Donor-advised funds make sense especially for clients who give to multiple charities, said Ms. Featherngill, a member of the American Institute of CPAs' personal financial planning executive committee. If a client is giving to one charity, like a church, however, it's easy to bunch charitable contributions with using a donor-advised fund, she said.
Using qualified charitable distributions is another planning maneuver that has become more valuable under the new tax law. According to FreeWill, an online philanthropy and estate-planning service, there was an average 74% increase in the number of QCDs made to charities last year versus 2017.
QCDs allow a taxpayer over the age of 70½ to give money directly to charities using money from a traditional individual retirement account.
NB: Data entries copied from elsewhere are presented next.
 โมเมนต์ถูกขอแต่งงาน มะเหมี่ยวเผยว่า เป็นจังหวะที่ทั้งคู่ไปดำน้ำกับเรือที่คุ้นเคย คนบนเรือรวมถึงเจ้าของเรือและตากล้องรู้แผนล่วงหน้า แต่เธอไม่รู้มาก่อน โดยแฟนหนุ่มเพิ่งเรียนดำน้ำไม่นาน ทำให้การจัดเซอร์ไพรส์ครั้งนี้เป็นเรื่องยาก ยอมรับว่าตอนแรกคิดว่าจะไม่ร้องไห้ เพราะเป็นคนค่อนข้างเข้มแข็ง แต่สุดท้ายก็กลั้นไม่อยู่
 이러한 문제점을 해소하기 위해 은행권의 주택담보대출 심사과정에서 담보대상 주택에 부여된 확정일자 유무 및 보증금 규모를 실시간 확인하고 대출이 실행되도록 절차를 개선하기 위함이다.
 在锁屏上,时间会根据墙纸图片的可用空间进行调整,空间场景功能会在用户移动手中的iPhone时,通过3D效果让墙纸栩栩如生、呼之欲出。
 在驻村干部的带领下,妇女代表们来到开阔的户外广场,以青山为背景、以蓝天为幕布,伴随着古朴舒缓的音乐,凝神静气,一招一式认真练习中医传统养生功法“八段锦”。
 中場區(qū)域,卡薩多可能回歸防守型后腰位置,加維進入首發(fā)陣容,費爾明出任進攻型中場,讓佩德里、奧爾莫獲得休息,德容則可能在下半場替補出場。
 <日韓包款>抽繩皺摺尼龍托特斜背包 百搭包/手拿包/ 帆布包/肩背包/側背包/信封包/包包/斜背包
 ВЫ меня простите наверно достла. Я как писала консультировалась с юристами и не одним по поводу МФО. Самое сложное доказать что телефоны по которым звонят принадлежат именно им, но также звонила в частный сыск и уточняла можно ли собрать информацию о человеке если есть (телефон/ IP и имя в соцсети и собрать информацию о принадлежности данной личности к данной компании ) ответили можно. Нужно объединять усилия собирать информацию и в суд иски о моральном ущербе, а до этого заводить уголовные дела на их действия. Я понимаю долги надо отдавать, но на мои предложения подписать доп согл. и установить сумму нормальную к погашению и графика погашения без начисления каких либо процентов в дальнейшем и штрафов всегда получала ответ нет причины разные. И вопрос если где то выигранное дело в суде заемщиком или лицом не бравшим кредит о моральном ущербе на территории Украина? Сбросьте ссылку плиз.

Total annual QCDs can't exceed $100,000 for an individual. These distributions are now the "only way to receive a meaningful income tax benefit from charitable contributions" for many donors over 70 years of age, according to a FreeWill report.
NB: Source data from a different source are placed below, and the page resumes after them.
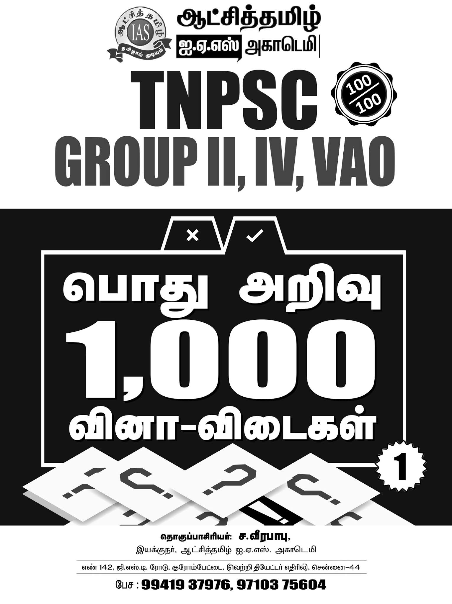 Aatchi Tamil IAS Academy – TNPSC Group II, IV, VAO – பொது அறிவு 1000 வினா விடைகள்
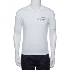 Dior White Cotton Logo Printed Crew Neck T-Shirt XS
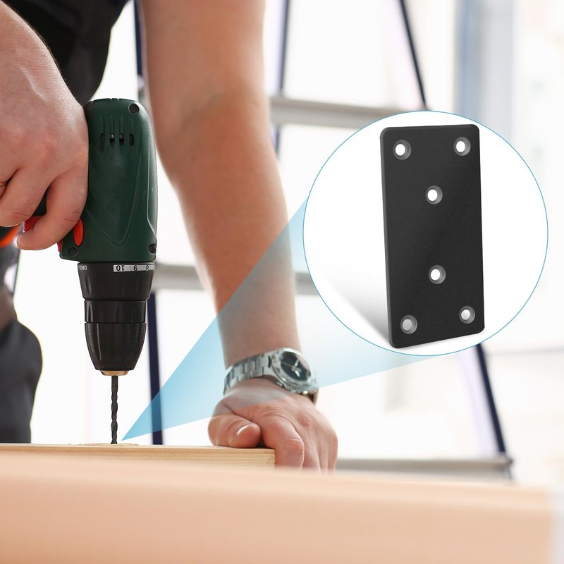50x100mm/2x3.94'' Stainless Steel Flat Mending Plate Metal Bracket for Wood Shelf Support Fixing Joining Plate for Furniture,Wood,Shelves,Cabinet with Screws For Fixing and Repairing Broken Wooden Furniture Fence Barn Door Bed Frame Closet Door and Shelves Features: 1.Constructed from high-quality stainless steel for durability and longevity. 2.Black powder coat finish for superior weather and rust resistance. 3.Polished smooth surface ensures it won't scratch your hands. 4.Countersunk holes for quick and easy mounting with a smooth fixing surface. 5.2mm thickness provides high load capacity and prevents bending. 6.100mm long reinforcing plate ideal for heavy-duty reinforcement applications. 7. Applications: Black mending plates are perfect for wood furniture repair and DIY projects. They are ideal for: -Joining furniture joints and corner boards -Repairing fencing or timber -Fixing wooden beds and bookshelf frames -Reinforcing wobbly furniture and garden shelves -General furniture making and strengthening tasks.
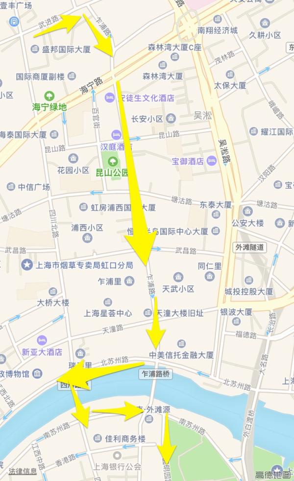 路线概览:四川北路武进路-乍浦路-河滨大楼-光陆大楼
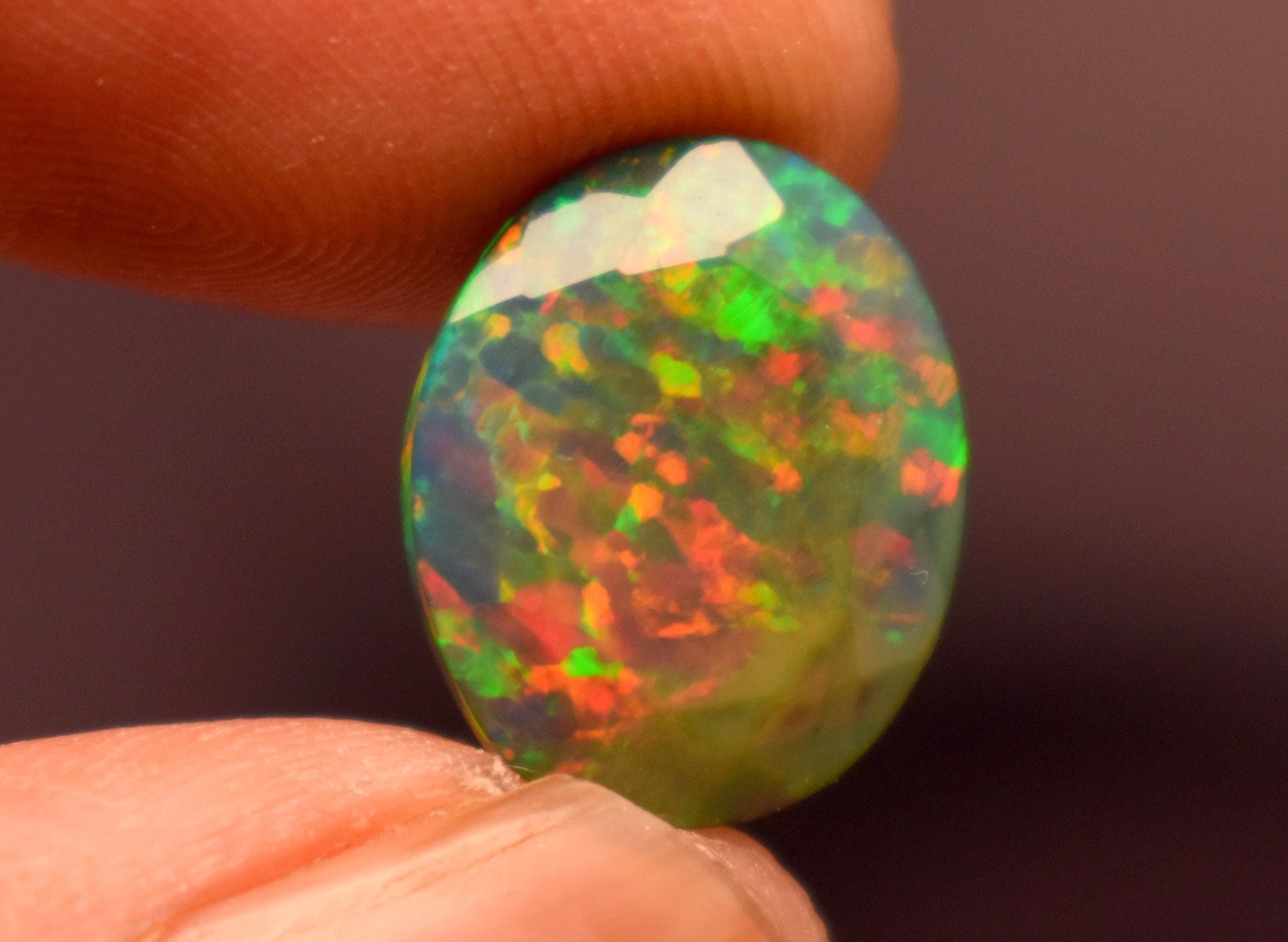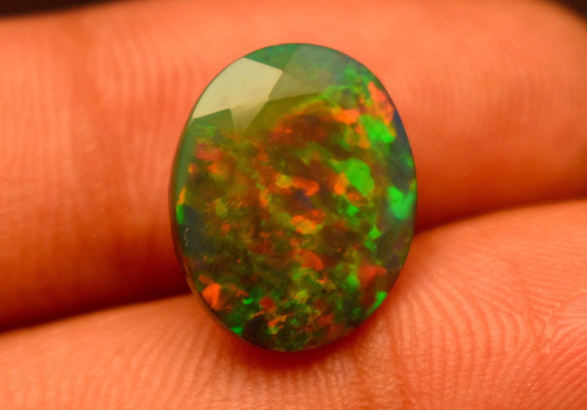 Opal, Black Ethiopian Opal, Oval Faceted Loose Gemstone, 5.20 Carat, Size-14.5x12x6.5mm, For Jewelry Making,
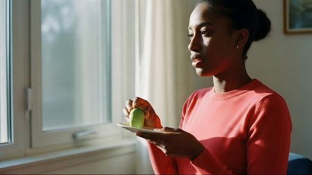 A joyful young woman delights in a nutritious salad while sitting by the window, showcasing a vibrant and healthy lifestyle in a cozy setting.
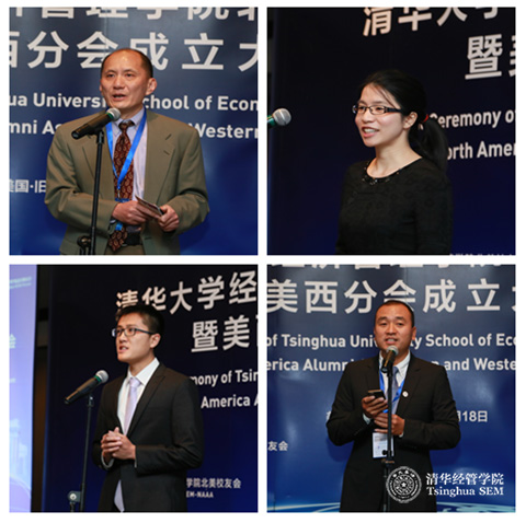随后,王强(经硕1987)、曾洁银(经2006)、彭兆盟(经双2007)、许旭升(EMBA2012)四位校友代表进行分享。他们叙述了自己在清华经管学院的求学经历,回顾了在求学期间的师生情谊,同时感谢学院成立北美校友会,为海外校友搭建了交流平台,并表示愿意为北美校友会未来的工作做出努力。

QCDs offer two large benefits: distributions count toward satisfying an individual's annual required minimum distribution and are excluded from the taxpayer's income.
For example, let's consider a client — a retired married couple ?— with $100,000 of adjusted gross income and $20,000 of itemized deductions before charitable contributions are included. The client has a $12,000 RMD this year, and wants to give it to charity.
Using a QCD, the client would have $75,600 of taxable income ($100,000 minus the standard deduction). However, if the client were to take the $12,000 IRA distribution and then make a $12,000 charitable contribution, the client's taxable income would swell to $112,000 and itemized deductions would increase to $32,000 ?— for a net taxable income of $80,000.
The QCD here would decrease the client's net taxable income by $4,400.
The SECURE Act, retirement legislation currently being debated in Congress, could change how some wealthy clients give to charity. The bill, which passed 417-3 in the House of Representatives and is currently awaiting passage in the Senate, would eliminate the "stretch IRA."
Non-spouse beneficiaries of inherited IRAs can currently stretch account distributions over their life expectancies, granting a potent estate-planning tool to wealthy families. But the SECURE Act would compress those distributions into a 10-year time frame.
A charitable remainder trust could mimic the tax benefits of the stretch IRA if the SECURE Act is passed, as some expect to happen this year or next.
The trust would be funded by IRA assets upon the death of the account owner, and the trust would pay a regular income stream to beneficiaries over their lifetimes (or another specified time period). A predetermined charity would get the trust's remaining assets once beneficiaries die.
"I would say this is the trust that most closely replicates the benefits of a stretch IRA," Mr. Levine said. "For those with larger IRAs, I could definitely see them incorporating this."
Even absent the SECURE Act, the individual income-tax provisions in the 2017 tax law are scheduled to expire in 2026, and revert back to prior rules, unless Congress renews them.